All experiments were approved by the Faculty of Pharmacy and Pharmaceutical Sciences Animal Ethics Committee, Monash University (Victoria, Australia). They were performed based upon the methods described by Li et al. (13) and in our previous study on novel polymyxin derivatives (1). Each rat (n = 4; Sprague-Dawley; male; body weight, 245 to 285 g) was anesthetized using isoflurane, and a polyethylene cannula was inserted into the jugular vein. The rats were placed into a metabolic cage and allowed to recover from the procedure overnight. The test compound (NAB741, acetate salt; 1 mg/kg of body weight) was administered as a bolus (in 200 μl sterile 0.9% saline) through the cannula, followed by washing with 0.8 ml of saline. Nine blood samples (0, 10, 20, 30, 60, 90, 120, 180, and 240 min), each 200 μl, were manually collected through the cannula. When the samples were collected, the first 100 μl of blood was withdrawn and kept in the syringe. After the actual sample was collected with another syringe, the content of the first syringe was returned to the rat, together with 400 μl of heparinized saline. Theblood samples were centrifuged to obtain plasma. Urine samples were collected at 0- to 4-h, 4- to 6-h, and 6- to 24-h intervals. The plasma and urine samples were stored at −80°C.

The samples were analyzed using liquid chromatography and mass spectrometry with an electrospray ionization interface (LC/electrospray ionization MS). To a 100-μl sample of plasma or urine, 10 μl of internal standard (NAB739, acetate salt [80 μg/ml) and 200 μl (for plasma samples) or 100 μl (for urine samples) of acetonitrile were added, and the mixture was vortex mixed for 1 min and centrifuged at 10,000 × g for 10 min. The chromatography employed the HPLC C18 column (50 by 2 mm), 0.1% formic acid as solvent A, 0.1% acetonitrile as solvent B, a flow rate of 0.2 ml/min, and the following gradient: 5% to 30% B in 6 min, 30% to 90% B in 0.5 min, 90% B held for 2.5 min, and 90% to 5% B in 1 min. The eluent between 5.90 and 7.00 min, and 9.00 and 10.10 min was directed to the MS system using a switching valve. The positive protonated molecular ions of NAB741 at m/z 496.7 and 331.4 and of NAB739 at m/z 538.8 and 359.6 were monitored. NAB741 and NAB739 were eluted at 6.65 ± 0.05 min and at 9.45 ± 0.05 min, respectively. Calibration curves were constructed using blank rat plasma or urine with 10 concentrations of NAB741 ranging from 0.010 mg/liter to 10.0 mg/liter. The limit of quantitation (LOQ) was 0.010 mg/liter for both plasma and urine assays. Good linearity of calibration curves was achieved (r2 = 0.998 for the plasma assay and 0.999 for the urine assay). The accuracy and reproducibility for the plasma assay were within 18% at 0.090 mg/liter and within 6% at 0.90 mg/liter or 9.00 mg/liter. The accuracy and reproducibility for the urine assay were within 9% at 0.35 mg/liter, 7.00 mg/liter, or 35.0 mg/liter.

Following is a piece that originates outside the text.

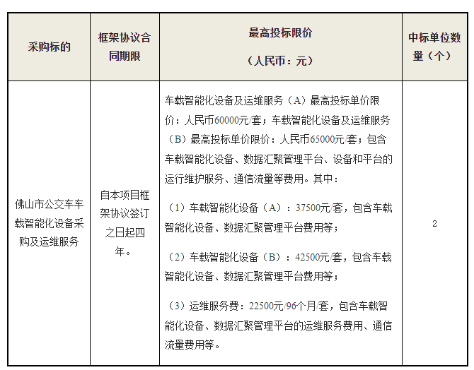 二、项目名称:佛山市公交车车载智能化设备采购及运维服务项目

Noncompartmental pharmacokinetic analysis of NAB741 in plasma was performed using WinNonlin software (version 4.0; Mountain View, CA), with the model of NA201 (intravenous [i.v.] bolus input for plasma data).

RESULTS AND DISCUSSION

Structure-function relationships of the polymyxin derivatives.

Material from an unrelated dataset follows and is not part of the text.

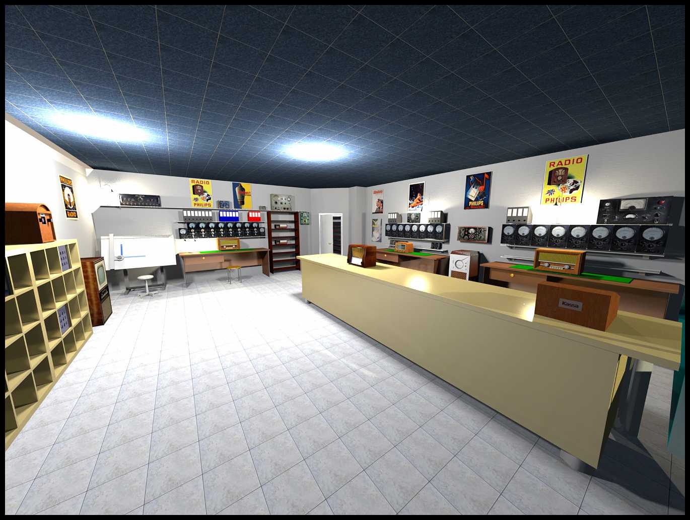 Stiliseret fremstilling af butikslokalet indikerende udseendet i perioden 1945-50.

PMBN carries five positive charges (three in the cyclic peptide portion and two in the linear peptide portion) but is “tailless,” i.e., it lacks the fatty acid tail of natural polymyxins. On the other hand, NAB7061 and NAB739 lack the positive charges in the linear peptide portion but possess the fatty acid tail (octanoyl residue) (25). In the present study, we developed hybrid derivatives (such as NAB741) that not only lack the fatty acid tail, but also lack both of the positive charges in the linear peptide portion. However, the free alpha amino group in their N termini is decorated with an acetyl group to eliminate the positive charge. Figure Figure11 shows the structures of polymyxin B, PMBN, NAB7061, NAB739, and NAB741.

FIG. 1.
Structures of polymyxin B, polymyxin B nonapeptide, NAB7061, NAB739, and NAB741. Locations where the compounds are not identical are boxed. MHA/MOA, the mixture of methyl octanoyl and methyl heptanoyl; OA, octanoyl; Ac, acetyl; cy, the cyclic portion, ...

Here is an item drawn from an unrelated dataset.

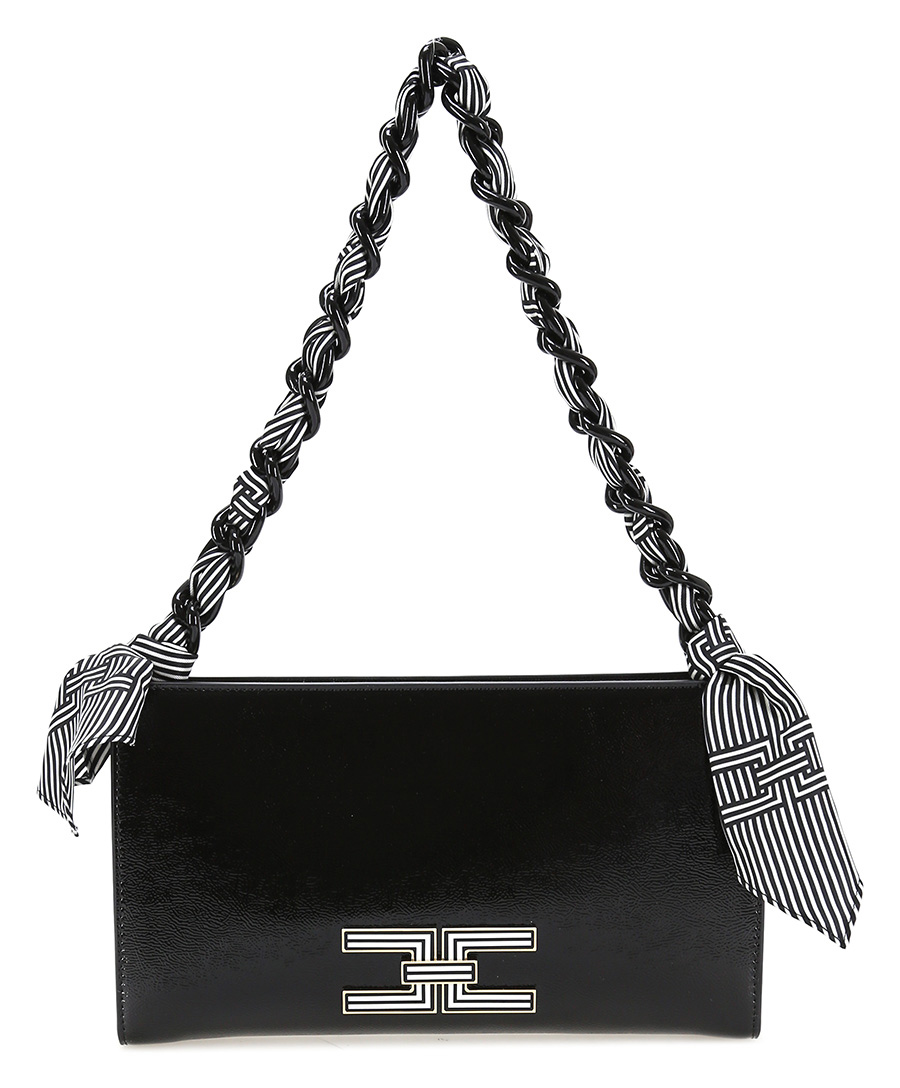Borsa in eco pelle effetto martellato con chiusura zip. Manico con foulard intrecciato. Logo frontale. Misure 28 x 16 cm. Dettagli gold.

The peptide parts of the acetylated compounds NAB741 and NAB752 are identical to those of NAB739 and NAB7061, respectively. Table Table11 compares the antibacterial activities of all four of these with those of polymyxin B and PMBN in a screening assay used in our previous study (25). The activity of NAB741 against E. coli IH3080 (the smooth, encapsulated O18:K1 strain) and A. baumannii ATCC 19606 closely resembled that of NAB7061 and PMBN. Accordingly, NAB741 remarkably increased the activity of rifampin.

TABLE 1.
Antibacterial activities of NAB741, its structural relatives, and four reference compounds against E. coli, A. baumannii, and P. aeruginosa

NAB752 was inactive, even though it differs from NAB741 only by having in the linear portion acetyl-Thr-Abu instead of acetyl-Thr-dSer. This was not surprising, since we have previously shown that among polymyxin derivatives carrying only three positive charges, the presence of two hydroxyl groups in the linear portion of the peptide is advantageous for antibacterial activity (25).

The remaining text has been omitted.